Exercise prompt:
The records below hold a stretch from the line with "سرویس قابلمه گرانیتی ۳۰ پارچه مدل اوشن گلبهی" through the line with "Mercier Consultancy is"; return exactly those lines, ends included, and nothing more.

--- START ---

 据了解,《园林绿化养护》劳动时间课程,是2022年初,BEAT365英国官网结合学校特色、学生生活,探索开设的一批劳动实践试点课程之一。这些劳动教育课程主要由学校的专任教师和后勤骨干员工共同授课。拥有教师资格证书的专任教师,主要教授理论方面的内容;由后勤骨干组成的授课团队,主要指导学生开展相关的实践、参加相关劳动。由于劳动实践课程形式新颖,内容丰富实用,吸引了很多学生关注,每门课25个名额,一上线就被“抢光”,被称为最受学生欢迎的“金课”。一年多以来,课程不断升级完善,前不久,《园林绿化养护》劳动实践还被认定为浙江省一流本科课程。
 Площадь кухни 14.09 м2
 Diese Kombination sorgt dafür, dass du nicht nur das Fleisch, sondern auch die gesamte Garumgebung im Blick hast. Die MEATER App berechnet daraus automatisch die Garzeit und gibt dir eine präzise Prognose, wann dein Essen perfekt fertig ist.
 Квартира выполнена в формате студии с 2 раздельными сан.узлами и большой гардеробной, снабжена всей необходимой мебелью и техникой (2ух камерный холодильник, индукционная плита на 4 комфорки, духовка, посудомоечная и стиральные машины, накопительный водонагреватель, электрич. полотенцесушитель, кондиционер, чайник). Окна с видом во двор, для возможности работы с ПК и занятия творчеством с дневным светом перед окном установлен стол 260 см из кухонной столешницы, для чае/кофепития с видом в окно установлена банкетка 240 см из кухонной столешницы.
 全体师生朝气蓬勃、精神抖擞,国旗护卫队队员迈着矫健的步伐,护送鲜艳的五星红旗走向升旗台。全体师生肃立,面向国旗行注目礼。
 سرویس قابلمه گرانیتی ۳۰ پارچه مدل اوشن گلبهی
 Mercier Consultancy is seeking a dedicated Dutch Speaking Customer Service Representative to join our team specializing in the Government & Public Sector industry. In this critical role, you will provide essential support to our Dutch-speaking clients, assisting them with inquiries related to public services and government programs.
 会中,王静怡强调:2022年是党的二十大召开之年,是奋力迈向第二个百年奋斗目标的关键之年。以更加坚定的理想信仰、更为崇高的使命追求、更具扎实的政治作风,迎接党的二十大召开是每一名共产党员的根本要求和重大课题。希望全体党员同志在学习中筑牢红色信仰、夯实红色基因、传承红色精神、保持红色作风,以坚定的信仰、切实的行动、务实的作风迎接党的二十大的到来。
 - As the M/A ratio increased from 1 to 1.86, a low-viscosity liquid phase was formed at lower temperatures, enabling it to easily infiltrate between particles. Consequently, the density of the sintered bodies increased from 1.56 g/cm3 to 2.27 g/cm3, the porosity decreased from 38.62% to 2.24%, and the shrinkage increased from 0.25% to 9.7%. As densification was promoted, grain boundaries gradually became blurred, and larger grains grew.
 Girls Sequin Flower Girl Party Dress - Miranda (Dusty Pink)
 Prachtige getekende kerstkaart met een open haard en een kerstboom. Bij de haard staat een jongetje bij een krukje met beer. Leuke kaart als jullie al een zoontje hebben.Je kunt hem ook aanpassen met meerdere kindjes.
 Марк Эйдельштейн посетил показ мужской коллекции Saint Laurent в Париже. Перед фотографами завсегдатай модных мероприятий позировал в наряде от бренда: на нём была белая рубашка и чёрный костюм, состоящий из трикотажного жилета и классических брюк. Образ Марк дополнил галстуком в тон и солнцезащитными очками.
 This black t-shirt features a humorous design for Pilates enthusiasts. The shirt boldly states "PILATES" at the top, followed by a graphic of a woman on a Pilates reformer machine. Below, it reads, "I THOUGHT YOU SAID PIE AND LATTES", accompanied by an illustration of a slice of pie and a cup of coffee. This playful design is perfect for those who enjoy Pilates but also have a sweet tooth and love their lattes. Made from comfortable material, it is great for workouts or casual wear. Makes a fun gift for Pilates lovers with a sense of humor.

--- END ---

Result for this exercise:
 سرویس قابلمه گرانیتی ۳۰ پارچه مدل اوشن گلبهی
 Mercier Consultancy is seeking a dedicated Dutch Speaking Customer Service Representative to join our team specializing in the Government & Public Sector industry. In this critical role, you will provide essential support to our Dutch-speaking clients, assisting them with inquiries related to public services and government programs.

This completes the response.